ZTE holds the Blue Sword Road in the preliminary question--several houses

Source: Internet
Author: User

  title recall: Aerial photograph of a rectangular open-air view, with the number 0 or 1 to see the space or the roof, the adjacent roof belongs to the same house, on the diagonal roof does not belong to the same house (which is also in line with the actual), now enter the size of the open space, And then enter the layout of the top view of the rectangle and ask us to output how many houses there are in this rectangular space.

  

  Test Case:

  TestCase 1:

Input:

  5 5

0 1 0) 0 0

0 0 1) 1 0

0 0 0) 1 0

0 0 0) 0 0

0 0 0) 0 0

  Expected Return Value:

  2

TestCase 2:

Input:

  5 6

0 1 0 0 1 0

0 1 1 1 0 0

0 0 0 1 0 0

0 0 0 0 1 1

0 0 0 0 1 1

  Expected Return Value:

  3

  is not a problem, online someone to do with recursion, too troublesome, not high efficiency, here I use space for time, with two flags array to flag the current position to the left and top whether there is a roof, start from the top left to scan, dynamically update the flag array, only when the left and top of a position does not have a roof to count, The number of houses is drawn at the end of the scan.
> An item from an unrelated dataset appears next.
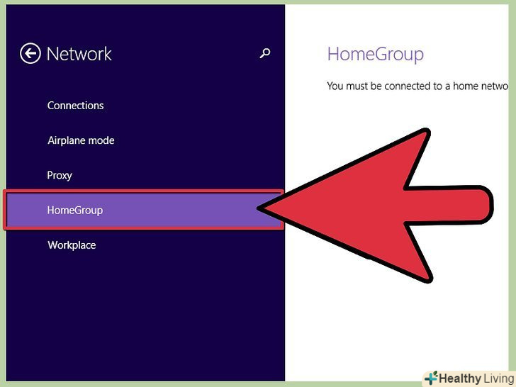 Відкрийте меню домашньої групи.домашня група-це комп'ютери в домашній мережі, які можуть спільно використовувати файли і принтери. До домашньої групи можуть підключатися комп'ютери під управлінням Windows 7 і 8.- Відкрийте меню Charms. Для цього проведіть по правій частині екрана або перемістіть курсор в правий нижній кут екрану.

My program successfully passed the official two test cases, but later I found that my two flags array in some input situations will overflow, are tears, corrected Java source code as follows:

ImportJava.util.Scanner; Public classMain { Public Static voidMain (string[] args) {//TODO auto-generated Method StubScanner Scan=NewScanner (system.in);  while(Scan.hasnext ()) {introw =Scan.nextint (); intCol =Scan.nextint (); int[] Matrix =New int[Row][col];  for(inti = 0; i < row; i++)            {                 for(intj = 0; J < Col; J + +) {Matrix[i][j]=Scan.nextint ();                    }} System.out.println (Counthourse.docounthourse (row, col, Matrix));    } scan.close (); }}classCounthourse { Public Static intDocounthourse (intRowintColint[] matrix) {        //Note: Add 1 to prevent cross-border        Boolean[] Leftroof =New Boolean[Row + 1] [col + 1];//flag Whether there is a roof on the left side of the position        Boolean[] Toproof =New Boolean[Row + 1] [col + 1];//flag If there is a roof above the position        intCount = 0;  for(inti = 0; i < row; i++)        {             for(intj = 0; J < Col; J + +)            {                if(Matrix[i][j] = = 1) {leftroof[i][j+ 1] =true; Leftroof[i+ 1][j] =true; if((!leftroof[i][j]) && (!Toproof[i][j])) Count++; }            }        }        returncount; }}

ZTE holds the Blue Sword Road in the preliminary question--several houses

Contact Us

The content source of this page is from Internet, which doesn't represent Alibaba Cloud's opinion; products and services mentioned on that page don't have any relationship with Alibaba Cloud. If the content of the page makes you feel confusing, please write us an email, we will handle the problem within 5 days after receiving your email.

If you find any instances of plagiarism from the community, please send an email to: info-contact@alibabacloud.com and provide relevant evidence. A staff member will contact you within 5 working days.

A Free Trial That Lets You Build Big!

Start building with 50+ products and up to 12 months usage for Elastic Compute Service

  • Sales Support

    1 on 1 presale consultation

  • After-Sales Support

    24/7 Technical Support 6 Free Tickets per Quarter Faster Response

  • Alibaba Cloud offers highly flexible support services tailored to meet your exact needs.